In Python, every time we create an instance object, we need to occupy a memory address. When working on a project, some useless instance objects always occupy this address, causing the program to run slowly. How to implement the singleton mode through the __new__ method in Python? Let's look down.

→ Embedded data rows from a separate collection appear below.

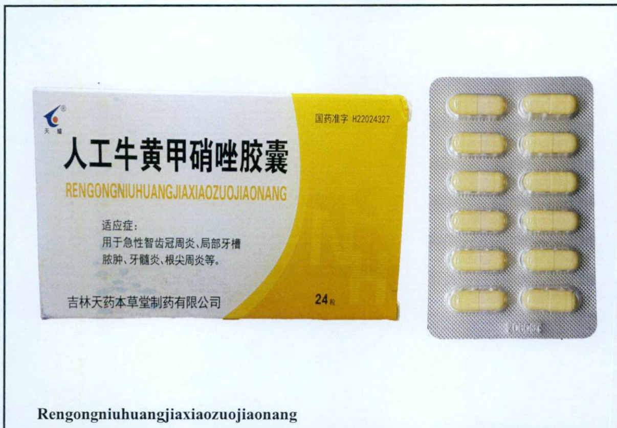
Rengongniu Huangjiaoxiaozuo Jiaonang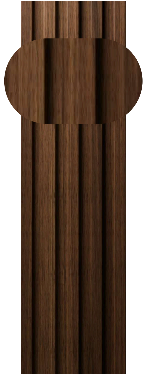
1500 113 Smoked Walnut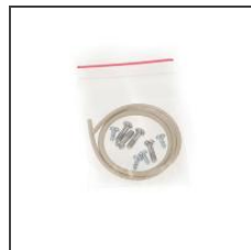
Hardware includes lid screws, PC board screws, and gasket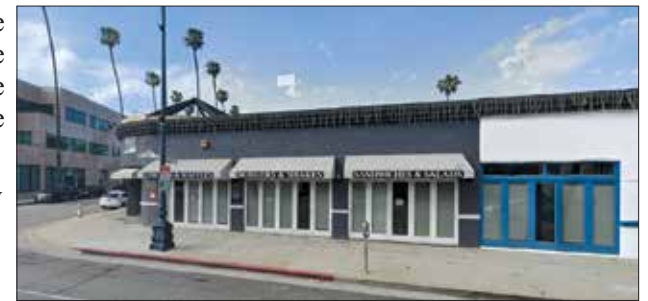
8633 Wilshire Boulevard

Goggles 8633, LLC, the project applicant, applied for a Development Plan Review to allow for the construction of a three-story building with rooftop use and a Minor Accommodation to allow it to improve the setback area on the property. Commissioners approved it with a 5-0 vote, with conditions which included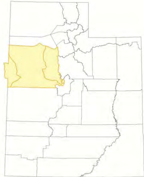
Figure 11. The West Desert Adaptive Resource Management (WDARM) Sage-grouse Local Working Group Conservation Area consists of 5,137,991 acres located in western Utah.

This is particularly important in an area where substantial fire and fuel management projects intersect sage-grouse habitat. WDARM members have increased the depth of coordination between multiple entities as well: based on information provided to the group by a private landowner in attendance at the group meeting, a plan to address weed concerns near one of the leks was developed with shared leadership and resources from BLM, Tooele County Commission, weed managers from NRCS, and DWR. WDARM also stepped up its efforts to better understand the social and ecological complexity of recreation impacts to sage-grouse habitat. This will be a focus in the coming year.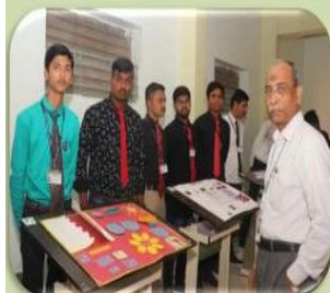
Principal visit to Exhibition

Benefits of singletons: Save memory
code show as below:
class Student(object):
_instance=None #定义一个类属性,是可以在类中进行调用的
def __init__(self, name,age):
self.name=name
self.age=age
def __new__(cls, *args, **kwargs):
if cls._instance is None: #如果这个内存为空的话就进行空间分配
print('进行空间分配')
cls._instance=super().__new__(cls)
return cls._instance
Jack=Student('Jack',18)
John=Student('John',19)
Dick=Student('Dick',18)
print(Jack is Dick is John) #输出:True
print(Jack.name,Jack.age) #输出:Dick 18
print(John.name,John.age) #输出:Dick 18
print(Dick.name,Dick.age) #输出:Dick 18The above is a singleton mode. These instantiated objects all occupy the same memory address, so the memory addresses are the same, but every time an instantiated object is created, the instantiated object will overwrite an object, and finally The space belongs to the last instantiated object, so it is output Dick 18
Well, the above is the whole content of this issue. Friends, have you learned how to allocate space and memory for objects?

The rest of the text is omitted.